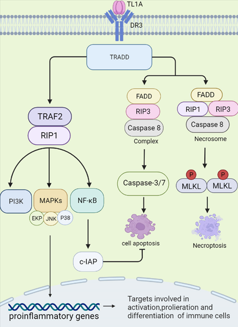 在靜息的T細胞中,DR3以可溶性形式表達,保護細胞免于凋亡。活化的T細胞表達跨膜DR3。sTL1A結合DR3 (膜結合形式)激活下游信號級聯,從而調節免疫反應和炎癥。sTL1A/DR3相互作用可觸發兩種不同的信號通路,分別引起炎癥和細胞凋亡。首先,DR3的死亡結構域與細胞質中的適配蛋白TNFR相關死亡結構域蛋白(TRADD)結合,然后招募TNFR相關因子2 (TRAF2)和受體相互作用蛋白1 (RIP1)。這些復合物激活MAPKs (ERK、p38和JNK)、NF-κB和效應激酶PI3K信號傳導。最后,激活的信號傳導調節促炎基因的表達,參與免疫相關疾病的發生。TRADD結合FAS相關死亡結構域(FADD)和RIP3,激活半胱氨酸天冬氨酸特異性蛋白酶-8 (caspase-8)形成復合物,進一步激活下游caspase通路(如caspase-3和-7),誘導凋亡細胞死亡。當caspase-8活性被阻斷時,FADD、RIP3、RIP1與下游效應分子混合譜系激酶結構域樣蛋白(mixed lineage kinase domain-like protein, MLKL)在磷酸化后形成胞質“壞死體”復合體。然后,MLKL寡聚到細胞膜上,導致壞死性細胞死亡,這是一種伴有強烈炎癥的細胞死亡形式。在這個過程中,NF-κB被證明可以誘導細胞凋亡抑制蛋白(c-IAP)的激活,從而介導細胞凋亡的負反饋調節和抑制。事實上,更多的證據表明,sTL1A與DR3的連接優先誘導淋巴細胞的促炎途徑而不是凋亡。
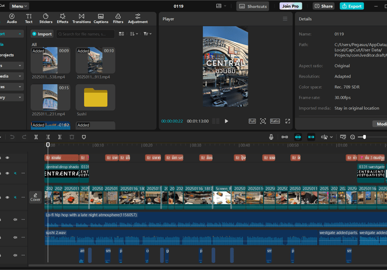 Using Capcut, I edited the style to match common Thai UGC that reviews or recommends restaurants. Graphics and text were added to highlight information. Capcut was chosen since it is free, allowing other branches to edit this style of content without cost.
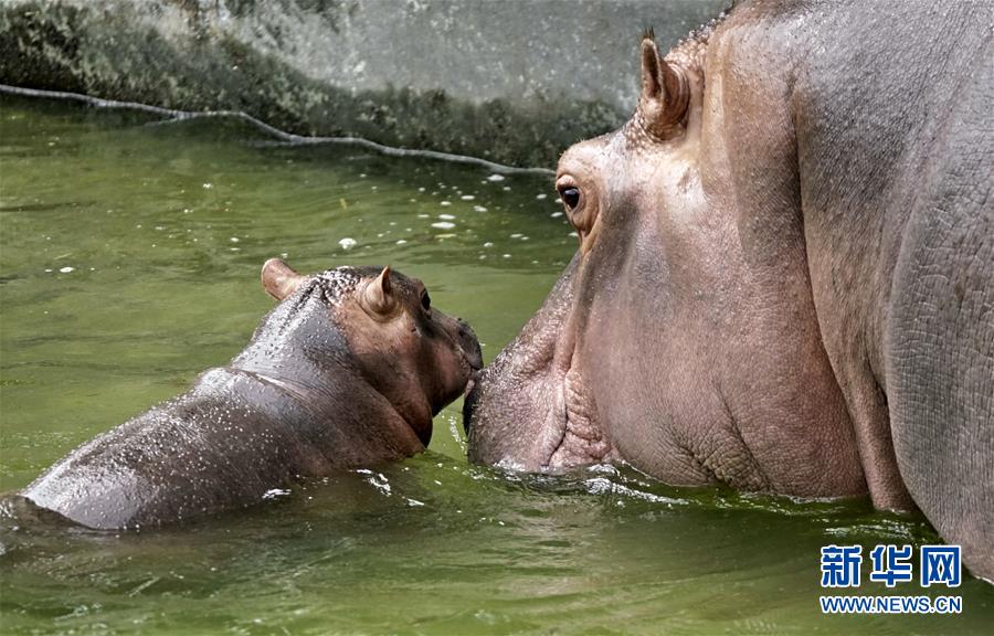 北京動物園的河馬母子在恒溫水池內(nèi)乘涼(7月30日攝)。炎炎夏日,北京動物園根據(jù)動物生活習(xí)性,為動物配備了自動噴淋噴霧、空調(diào)籠舍、恒溫水池、遮陽棚等各類避暑設(shè)施,同時(shí)還準(zhǔn)備了西瓜等降溫食品,保障動物平安舒適地度過伏天。新華社記者李欣攝
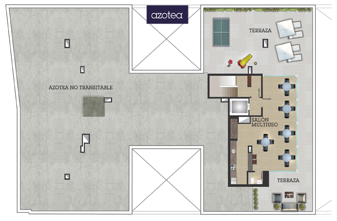 En los niveles 1 al 7, se proyectan 10 unidades de vivienda (5 de 1D y 5 de 2D) distribuidas en dos bloques paralelos, conectados por un núcleo central de viviendas, con patios reglamentarios de aire y luz; nivel 8 se ubica el SUM.
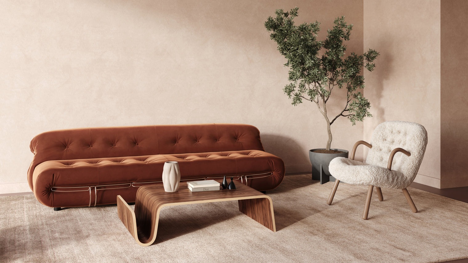 Playfully named because of its resemblance to a shell, the Clam chair’s simple, playful form pays homage to Scandinavian design in its honest, understated use of European hardwood and plush upholstery.
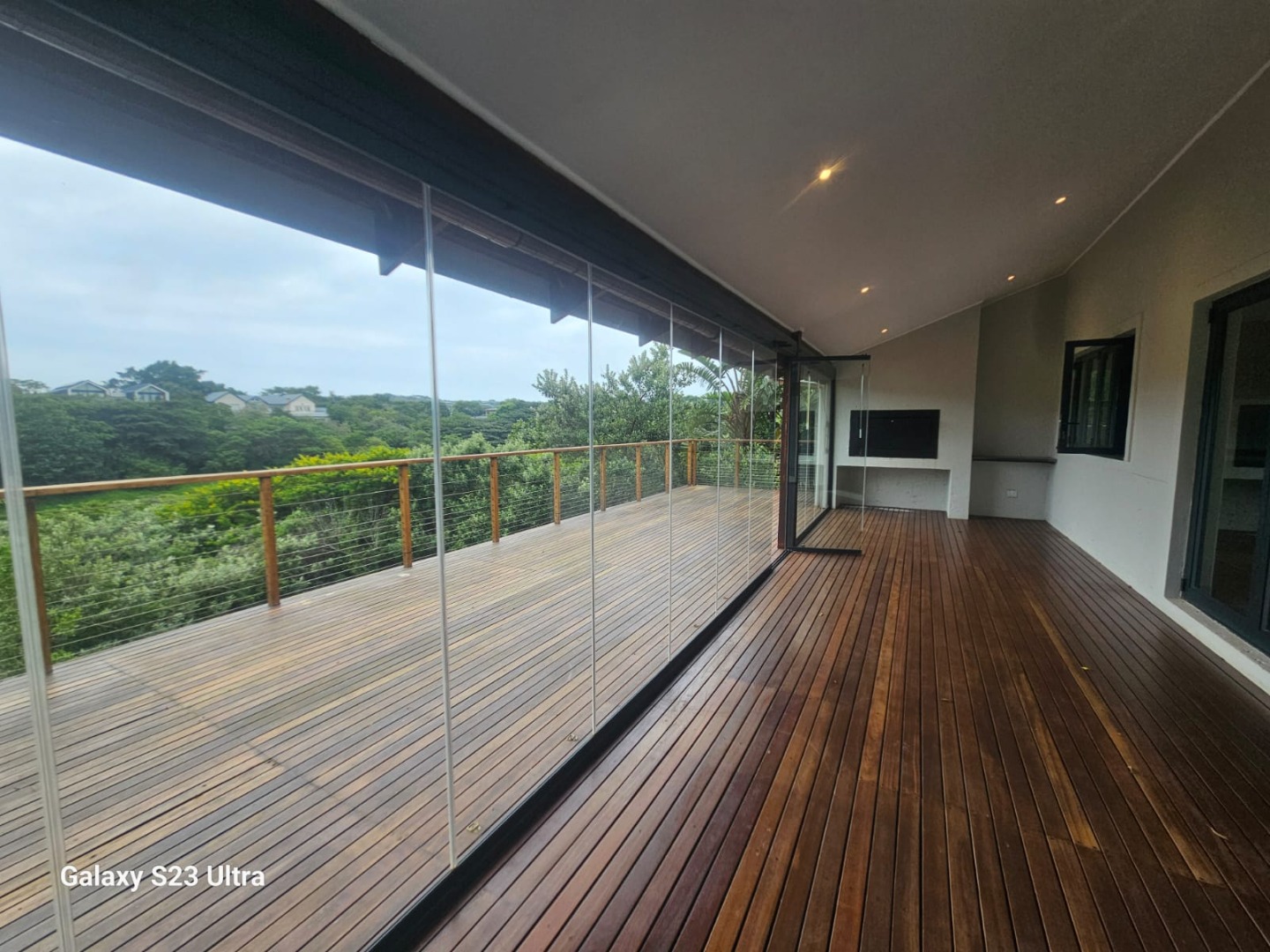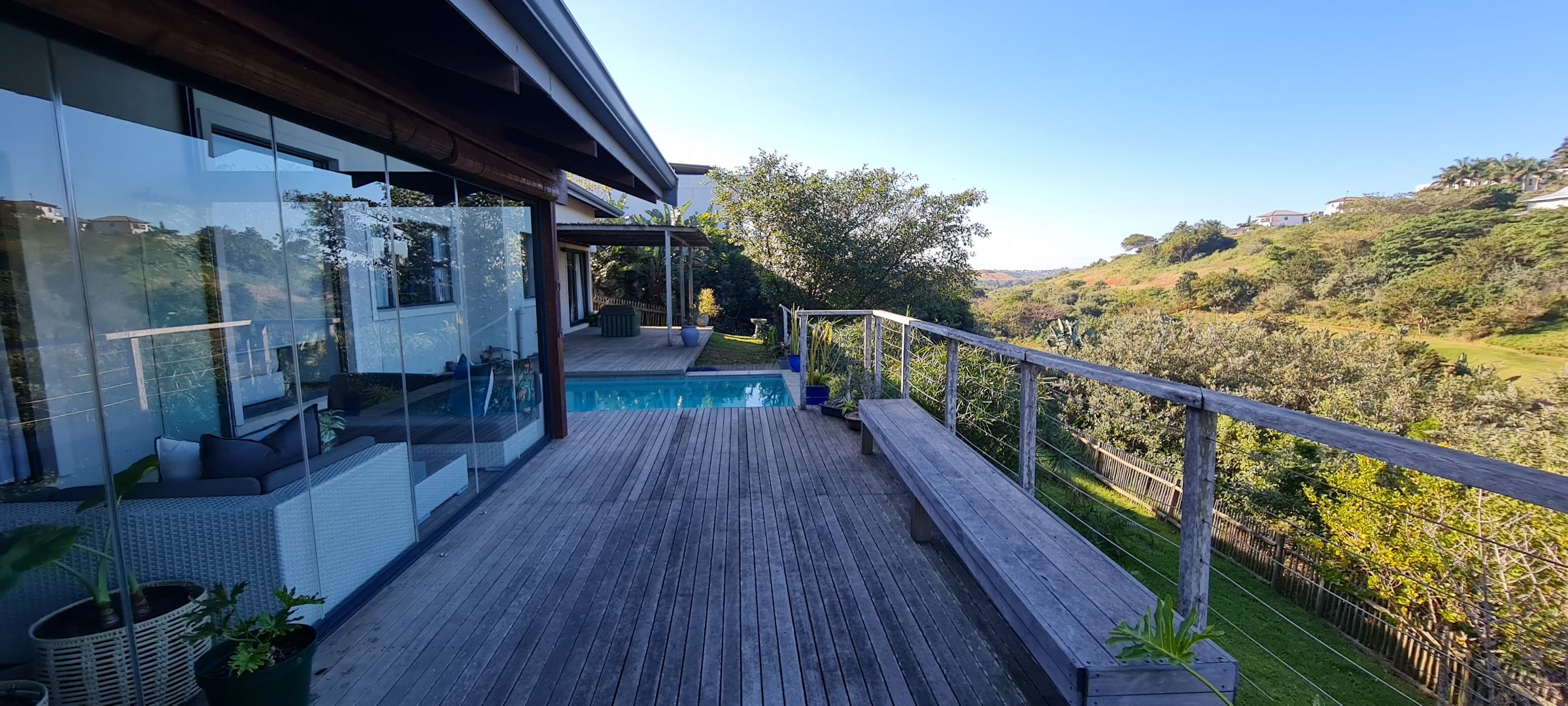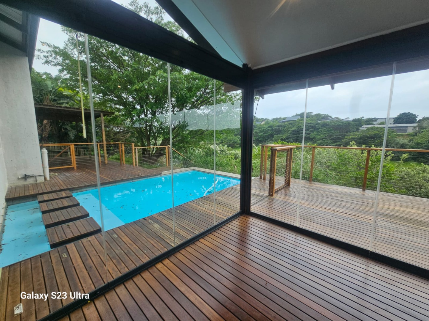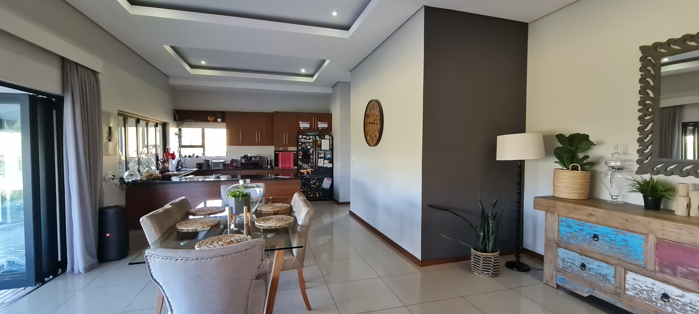 The home features a large open-plan living and dining area with sliding doors leading to an enclosed glass patio that overlooks the golf course and swimming pool.
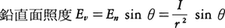 (3)鉛直面照度 壁のように鉛直な面の照度で,Enの水平方向の成分である。
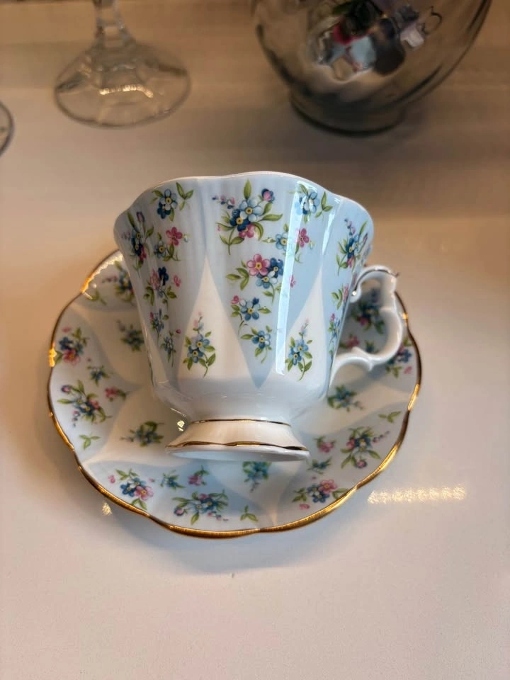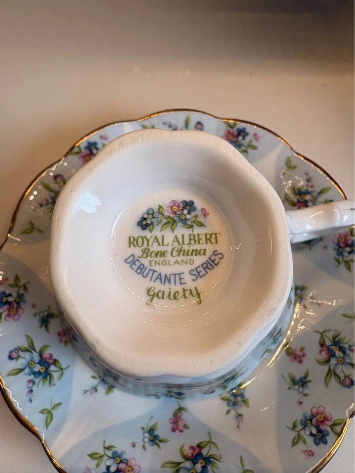 Beautiful Royal Albert Bone China teacup and saucer set. This is from the Debutante Series in the Gaiety pattern. Has pretty blue and pink floral design with light blue accents. Gold trim is on the edges of both the cup and saucer.

WHAT IS REQUIRED
Your answer must be an exact copy of the listing, with every picture omitted.

FINAL ANSWER
 在靜息的T細胞中,DR3以可溶性形式表達,保護細胞免于凋亡。活化的T細胞表達跨膜DR3。sTL1A結合DR3 (膜結合形式)激活下游信號級聯,從而調節免疫反應和炎癥。sTL1A/DR3相互作用可觸發兩種不同的信號通路,分別引起炎癥和細胞凋亡。首先,DR3的死亡結構域與細胞質中的適配蛋白TNFR相關死亡結構域蛋白(TRADD)結合,然后招募TNFR相關因子2 (TRAF2)和受體相互作用蛋白1 (RIP1)。這些復合物激活MAPKs (ERK、p38和JNK)、NF-κB和效應激酶PI3K信號傳導。最后,激活的信號傳導調節促炎基因的表達,參與免疫相關疾病的發生。TRADD結合FAS相關死亡結構域(FADD)和RIP3,激活半胱氨酸天冬氨酸特異性蛋白酶-8 (caspase-8)形成復合物,進一步激活下游caspase通路(如caspase-3和-7),誘導凋亡細胞死亡。當caspase-8活性被阻斷時,FADD、RIP3、RIP1與下游效應分子混合譜系激酶結構域樣蛋白(mixed lineage kinase domain-like protein, MLKL)在磷酸化后形成胞質“壞死體”復合體。然后,MLKL寡聚到細胞膜上,導致壞死性細胞死亡,這是一種伴有強烈炎癥的細胞死亡形式。在這個過程中,NF-κB被證明可以誘導細胞凋亡抑制蛋白(c-IAP)的激活,從而介導細胞凋亡的負反饋調節和抑制。事實上,更多的證據表明,sTL1A與DR3的連接優先誘導淋巴細胞的促炎途徑而不是凋亡。
 Using Capcut, I edited the style to match common Thai UGC that reviews or recommends restaurants. Graphics and text were added to highlight information. Capcut was chosen since it is free, allowing other branches to edit this style of content without cost.
 北京動物園的河馬母子在恒溫水池內(nèi)乘涼(7月30日攝)。炎炎夏日,北京動物園根據(jù)動物生活習(xí)性,為動物配備了自動噴淋噴霧、空調(diào)籠舍、恒溫水池、遮陽棚等各類避暑設(shè)施,同時(shí)還準(zhǔn)備了西瓜等降溫食品,保障動物平安舒適地度過伏天。新華社記者李欣攝
 En los niveles 1 al 7, se proyectan 10 unidades de vivienda (5 de 1D y 5 de 2D) distribuidas en dos bloques paralelos, conectados por un núcleo central de viviendas, con patios reglamentarios de aire y luz; nivel 8 se ubica el SUM.
 Playfully named because of its resemblance to a shell, the Clam chair’s simple, playful form pays homage to Scandinavian design in its honest, understated use of European hardwood and plush upholstery.
 The home features a large open-plan living and dining area with sliding doors leading to an enclosed glass patio that overlooks the golf course and swimming pool.
 (3)鉛直面照度 壁のように鉛直な面の照度で,Enの水平方向の成分である。
 Beautiful Royal Albert Bone China teacup and saucer set. This is from the Debutante Series in the Gaiety pattern. Has pretty blue and pink floral design with light blue accents. Gold trim is on the edges of both the cup and saucer.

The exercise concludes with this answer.